The victory celebration (2 Macc 15:29-15:35)

“Then there was shouting and tumult. They blessed the Sovereign Lord in the language of their ancestors. Then the man, who was in body and soul the defender of his people, the man who maintained his youthful goodwill toward his compatriots, ordered them to cut off Nicanor’s head and his arm. They were to carry them to Jerusalem. When he arrived there, he called his compatriots together. He stationed the priests before the altar. He sent for those who were in the citadel. He showed them the vile Nicanor’s head and that profane man’s arm. This was the arm that had been boastfully stretched out against the holy house of the all powerful one. He cut out the tongue of the ungodly Nicanor. He said that he would give it piecemeal to the birds. He would hang up these rewards of his folly opposite the sanctuary. They all, looking to heaven, blessed the Lord who had manifested himself, saying.

‘Blessed is he who has kept his own place undefiled.’

Judas Maccabeus hung Nicanor’s head from the citadel, a clear and conspicuous sign to every one of the help of the Lord.”

Once again, this is similar to 1 Maccabees, chapter 7. In both 1 and 2 Maccabees, they cut off the head and the arm of Nicanor. Here they also cut out his tongue in the presence of the men from the citadel. As in 1 Maccabees, they hung the head of Nicanor, but here it is more specific from the hated citadel. Here there is more praise for Judas Maccabeus as the defender with good will towards his people. Here they pray in the language of their ancestors that may have been Hebrew, instead of the common language of Aramaic.
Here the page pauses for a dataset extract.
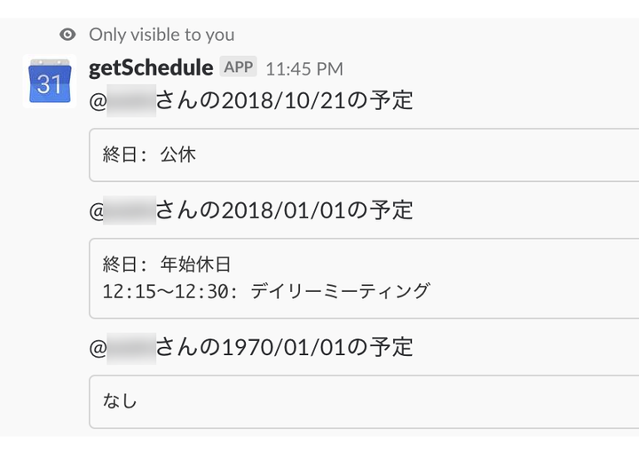 Slackで任意のユーザのGoogleカレンダーの予定を確認するスラッシュコマンド。 https://qiita.com/kurapy-n/items/5ea9860dea5fdc3a978a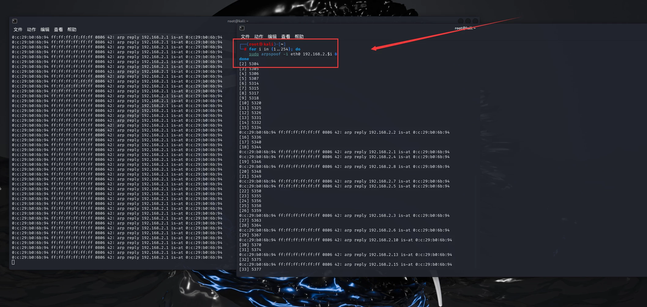 新打开一个终端窗口,在终端中使用循环来对所有IP地址执行ARP欺骗:

As usual they were happy that the Temple had remained undefiled.

The prayer of the priests in Jerusalem (2 Macc 14:34-14:36)

“Having said this, he went away. Then the priests stretched out their hands toward heaven. They called upon the constant defender of our nation, in these words.

‘O Lord of all,

Although you have need of nothing,

You were pleased

That there should be a temple for thy habitation among us.

So now,

O holy One,

Lord of all holiness,

Keep undefiled forever this house that has been so recently purified.’”

When Nicanor left the Temple, the priests stretched out their hands to heaven and began to pray. They prayed to the defender of their nation. They realized that God, the Lord of all, did not need anything. However, he had been pleased by this Temple so that he could live among them. Now they were asking him, the holy one, the Lord of all holiness, to keep this Temple or house of the Lord undefiled since it had been so recently purified.